Splish splash, looks at the plants

There is a house in there, somewhere.

Go native

Growing up in South Florida was fun and carefree. I spent most of my free time in our backyard pool that was surrounded by lush vegetation. Coconuts palms swayed next to a massive orange tree with its juicy fruits, and Christmas palms provided constant supplies of little red seed-rockets. The foliage around our white ranch-style house in Fort Lauderdale was diverse and colorful, and I thought that this setting was completely normal and natural.

Then we moved to Boca. This move was the South Florida equivalent of sending the urbanophile Zsa Zsa Gabor to Green Acres, although our family never really left the city far behind. We ended up commuting up and down I-95 everyday to continue our real life in northern Ft. Lauderdale (the good side of the tracks). Traffic in the early 80s was light, and most destinations were accessible in less than 30 minutes.

But what a difference a half-hour makes. Here is where I discovered natural Florida – the Florida that could not be tamed nor prevented from invading the house. The spiders! The snakes! It was enough to “allow” me to get my first dog, Buffy, whose real purpose was to act as a snake-buffer for my mother.

Mind you, this spot on the Hillsborough Canal was not the Everglades, but it was west of I-95, which is those days was a mix of golf course communities and the jungle (the jungle has since been removed). My dad opted for the jungle, so there were only four other houses within a several mile radius. Our mini-development was called Rio del Mar, meaning River of the Sea. It was also the end of the road.

Although our newly constructed house had a pool in the front yard (and a basement no less, where Buffy slept), I didn’t spend much time in that pool, mainly because I was worn out from training every day with my swim team. Also, there were no other kids in the “neighborhood” to splash around with, so I opted to go exploring in the piney woods with Buffy.

The area was covered with sugar sand, the whitish kind that is terrible for farming but fine and dandy for native plants. Above us soared huge pine trees, and around us the saw palmettos grew like weeds. These plants were one of the best features of our two-acre property, as a large clump of them had been preserved when the lot was carved out of the jungle, and inside this impenetrable thicket lived lots of bunnies and creepy-crawlies.

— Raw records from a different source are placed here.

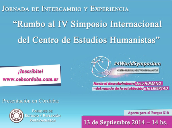 El sábado 13 de Septiembre se realizará en el Parque de Estudios y Reflexión Paravachasca una jornada de diálogo y experiencia bajo el título “Rumbo al IV Simposio del Centro Mundial de Estudios Humanistas: Hacia el descubrimiento de lo Humano – del mundo de lo establecido a la Libertad”.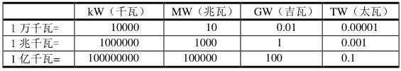 1 TWh=10億千萬(wàn)時(shí) ; 1萬(wàn)千瓦=0.01GW ; 1 GW=100萬(wàn)千瓦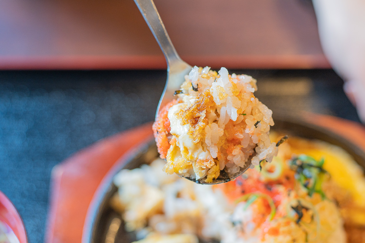 철판 정식도 먹어 보고 싶어서 주문했습니다. 이 메뉴는 39우동의 오리지널 메뉴로 철판에 계란을 두른 뒤, 밥을 큼지막하게 올리고 튀김을 만들 때 나오는 찌꺼기인 텐카스(天かす)를 뿌리고 카케 우동 소스를 뿌린 다음 후쿠오카 명물인 멘타이코를 올린 메뉴입니다. 다른 데서 본 적이 없는 음식이라 주문했는데 생각보다 너무 맛있게 먹었습니다. 텐카스의 바삭함과 멘타이코의 절묘한 소금기, 그리고 계란과 우동소스가 어울려 새로운 경험이었습니다.

Most of the other houses in Boca Raton had obliterated the jungle to create endless lawns, but we kept a slice of it. Ironically, two decades later, I had to spend thousands of dollars to recreate a native habitat that from my childhood had been provided by nature, for free. And I love this little yard, too.

So take a lesson from this little story. As much as possible, preserve what God has given us instead of trying to create something better. You can’t. The exotic trees of my first home have long ago died of diseases such as yellowing and citrus canker, or turned out to be destructive invaders, like melaleuca. My new native plants, on the other hand, are flourishing and don’t even need to be watered. City or country, they belong here.